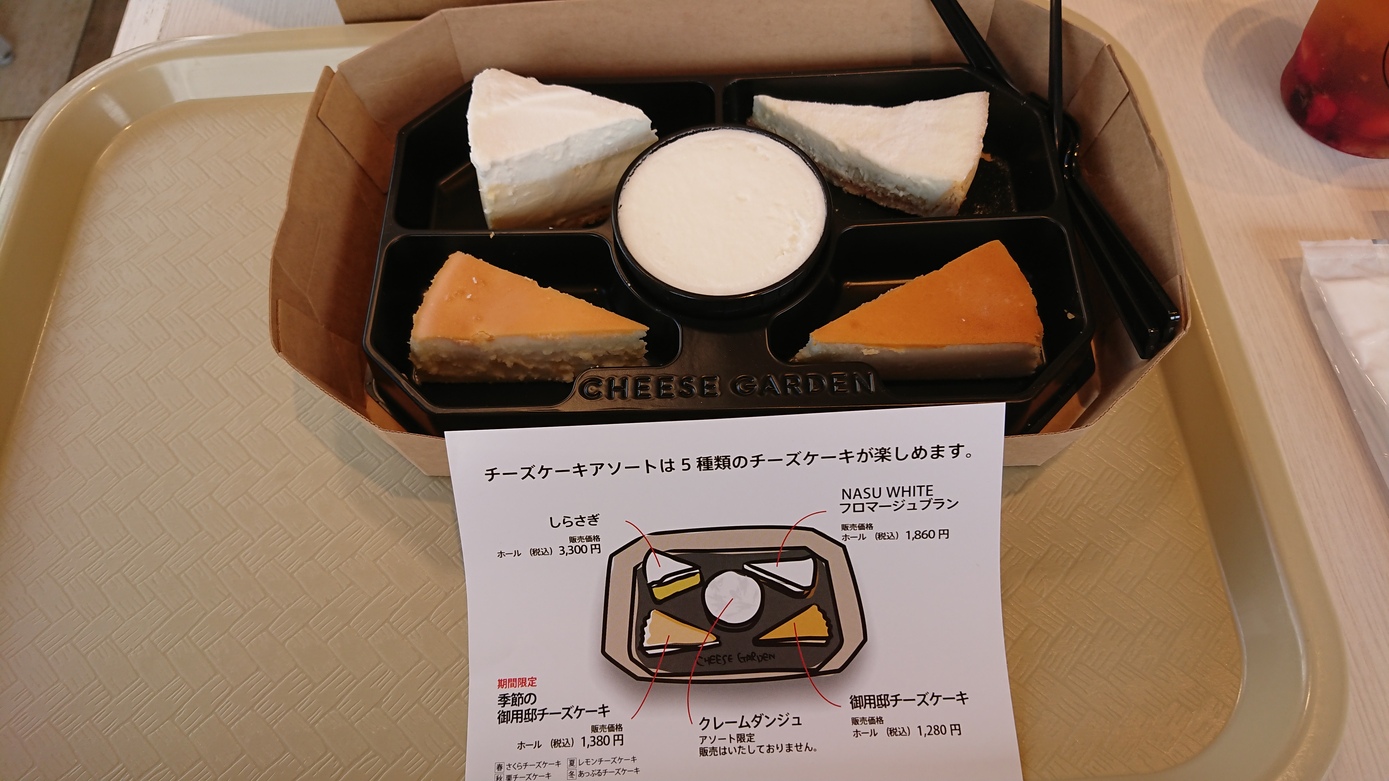 チーズガーデンというお店で5種類のチーズケーキの食べ比べが出来ます。 期間限定のレモン風味のチーズケーキが好み。 フルーツアイスティーも美味でした。
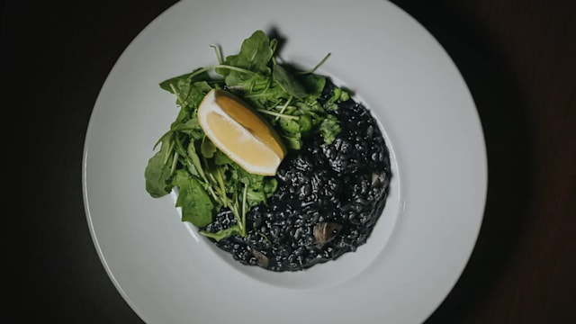 Com choco, tinta de choco e um toque de rúcula e limão.
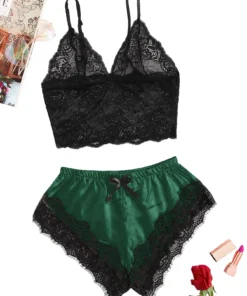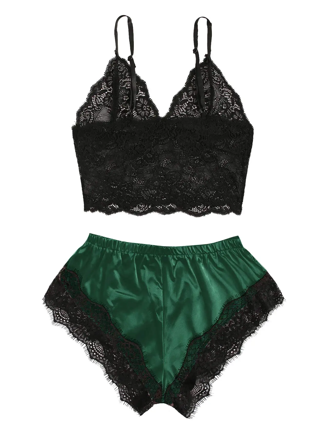 Lace Bralette Cami and Shorts Set, See-Through Design, Breathable Sleepwear for Women
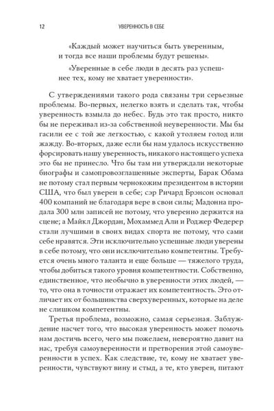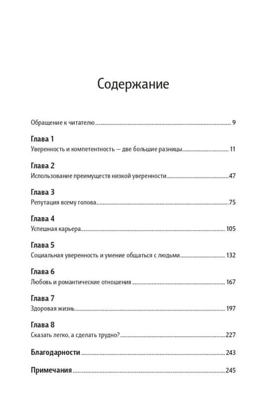 Автор убедительно разоблачает заносчивую самоуверенность, которую общество пытается навязать в качестве эталона, и последовательно истолковывает все сомнения своих менее уверенных в себе читателей в их пользу. А как иначе, если столь ценимая большинством высокая самооценка способна заметно испортить жизнь, загубить здоровье и заставить всех тебя ненавидеть? В реальности именно неуверенность позволяет признать наши несовершенства, а значит, подталкивает к переменам, улучшению жизни и повышению компетентности — и в конечном счете приводит нас к успеху.
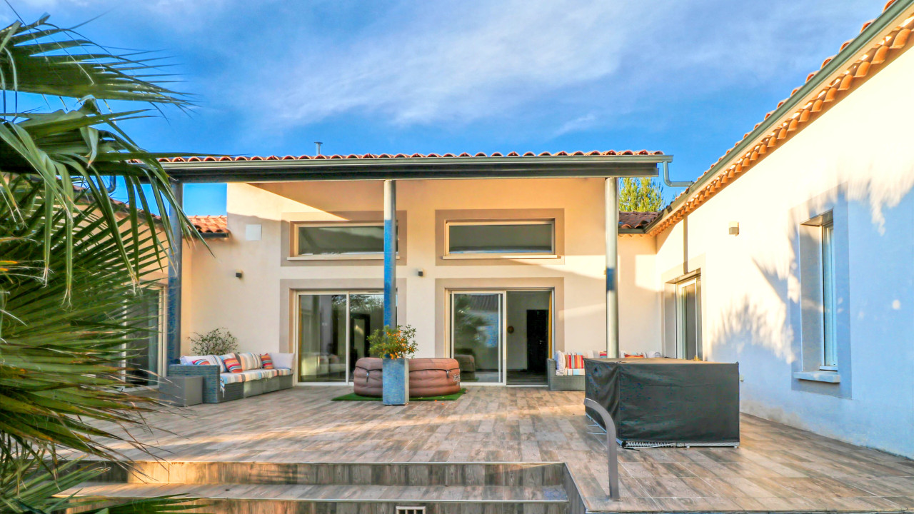 The villa offers 210 m² of living space plus a 35 m² artist's studio, opening onto a landscaped 962 m² garden with a swimming pool featuring an integrated jacuzzi and a large tiled terrace. Tthis is a rare property combining modernity, volume, and high-quality living in one of the region's most desirable settings.
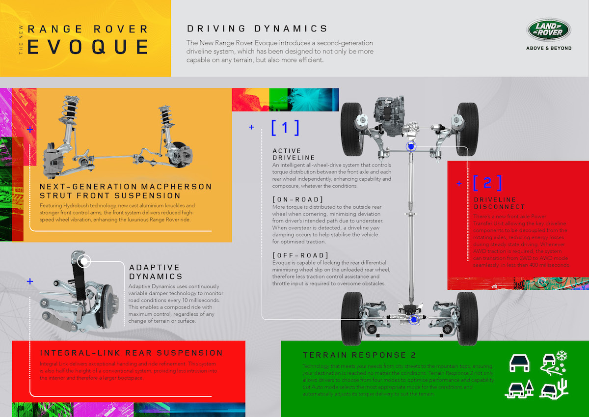 8. Evoque (2020) baharu menawarkan enjin petrol 2.0L Turbo Ingenium baharu yang menawarkan respons pantas kepada input terotel dengan transmisi automatik 9-kelajuan.
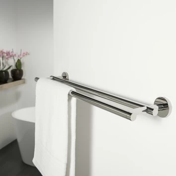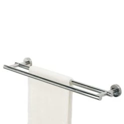 Het Tiger Dubbel Handdoekrek Boston Chroom van de accessoire serie Boston is uitgevoerd in glanzend RVS, en is ook verkrijgbaar in geborsteld RVS. Dit product kan aan de wand worden geschroefd, maar kan ook met behulp van Tigerfix 1 op een gladde en harde ondergrond geplakt worden. Je hoeft dus niet te boren. (Tigerfix is los verkrijgbaar). Er zijn van deze serie diverse sanitair accessoires verkrijgbaar. Dit product maakt deel uit van het Boston totaalconcept, dat verder bestaat uit kranen, badmeubelen, douche accessoires en douchecabines, alles in de Boston stijl.
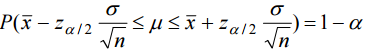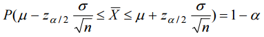 此方程式我們稱之為母群體平均值 μ 之 100(1-α)%信賴區間
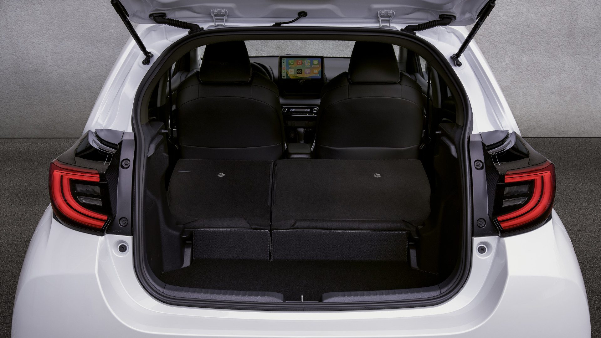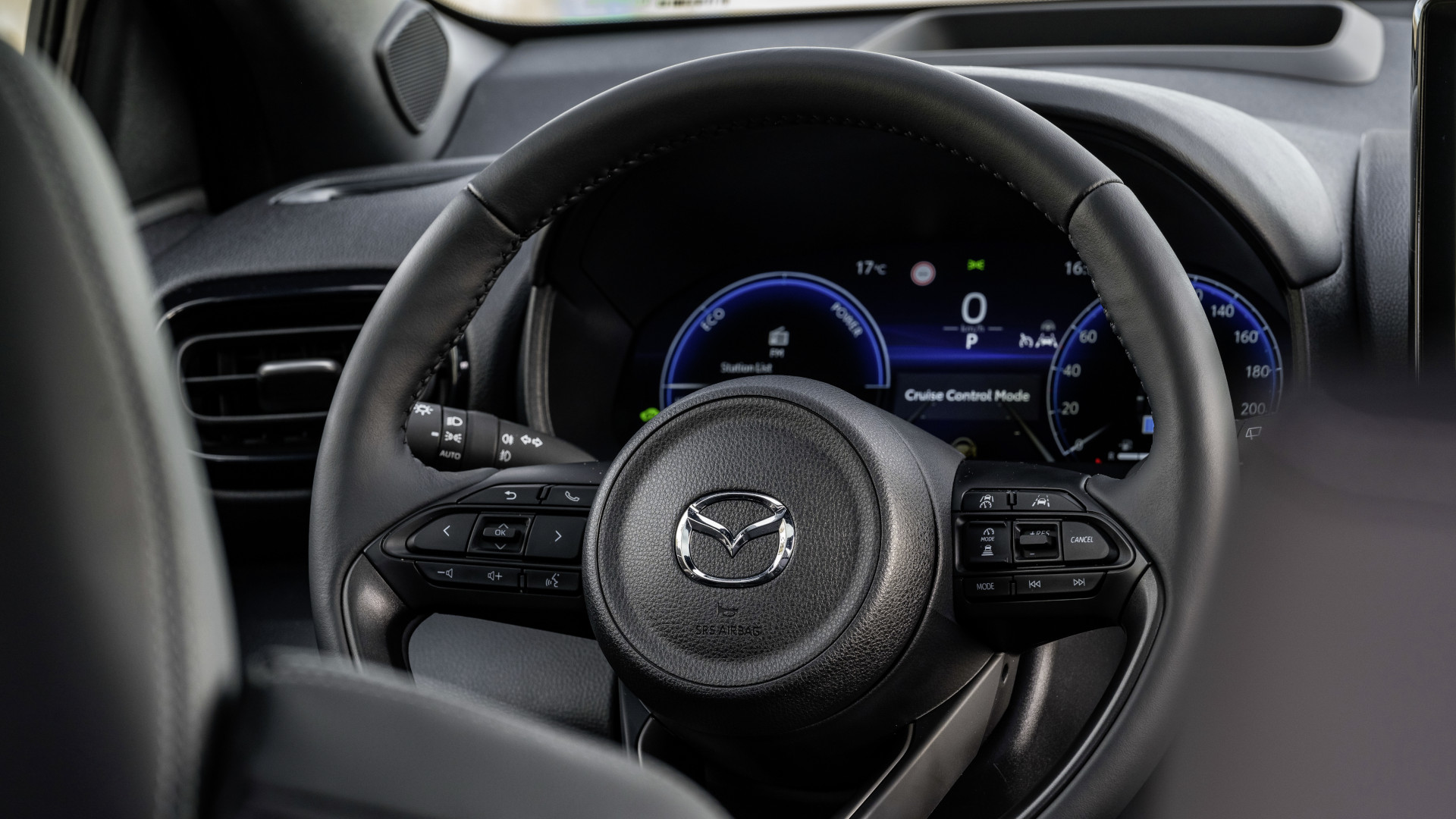 Im direkten Vergleich mit dem Yaris Hybrid liefert er sich von den Dimensionen den Patt und gegenüber den Hybrid-Konkurrenten von Honda und Renault fällt er etwas kompakter aus. Die sind knapp über vier Meter lang. Der Mazda bleibt mit 3,94 Meter Länge knapp unter vier Meter.

:::

ASSIGNED TASK
Retype all of the listing word for word and skip the pictures.

RESULT OF THE EXERCISE
 チーズガーデンというお店で5種類のチーズケーキの食べ比べが出来ます。 期間限定のレモン風味のチーズケーキが好み。 フルーツアイスティーも美味でした。
 Com choco, tinta de choco e um toque de rúcula e limão.
 Lace Bralette Cami and Shorts Set, See-Through Design, Breathable Sleepwear for Women
 Автор убедительно разоблачает заносчивую самоуверенность, которую общество пытается навязать в качестве эталона, и последовательно истолковывает все сомнения своих менее уверенных в себе читателей в их пользу. А как иначе, если столь ценимая большинством высокая самооценка способна заметно испортить жизнь, загубить здоровье и заставить всех тебя ненавидеть? В реальности именно неуверенность позволяет признать наши несовершенства, а значит, подталкивает к переменам, улучшению жизни и повышению компетентности — и в конечном счете приводит нас к успеху.
 The villa offers 210 m² of living space plus a 35 m² artist's studio, opening onto a landscaped 962 m² garden with a swimming pool featuring an integrated jacuzzi and a large tiled terrace. Tthis is a rare property combining modernity, volume, and high-quality living in one of the region's most desirable settings.
 8. Evoque (2020) baharu menawarkan enjin petrol 2.0L Turbo Ingenium baharu yang menawarkan respons pantas kepada input terotel dengan transmisi automatik 9-kelajuan.
 Het Tiger Dubbel Handdoekrek Boston Chroom van de accessoire serie Boston is uitgevoerd in glanzend RVS, en is ook verkrijgbaar in geborsteld RVS. Dit product kan aan de wand worden geschroefd, maar kan ook met behulp van Tigerfix 1 op een gladde en harde ondergrond geplakt worden. Je hoeft dus niet te boren. (Tigerfix is los verkrijgbaar). Er zijn van deze serie diverse sanitair accessoires verkrijgbaar. Dit product maakt deel uit van het Boston totaalconcept, dat verder bestaat uit kranen, badmeubelen, douche accessoires en douchecabines, alles in de Boston stijl.
 此方程式我們稱之為母群體平均值 μ 之 100(1-α)%信賴區間
 Im direkten Vergleich mit dem Yaris Hybrid liefert er sich von den Dimensionen den Patt und gegenüber den Hybrid-Konkurrenten von Honda und Renault fällt er etwas kompakter aus. Die sind knapp über vier Meter lang. Der Mazda bleibt mit 3,94 Meter Länge knapp unter vier Meter.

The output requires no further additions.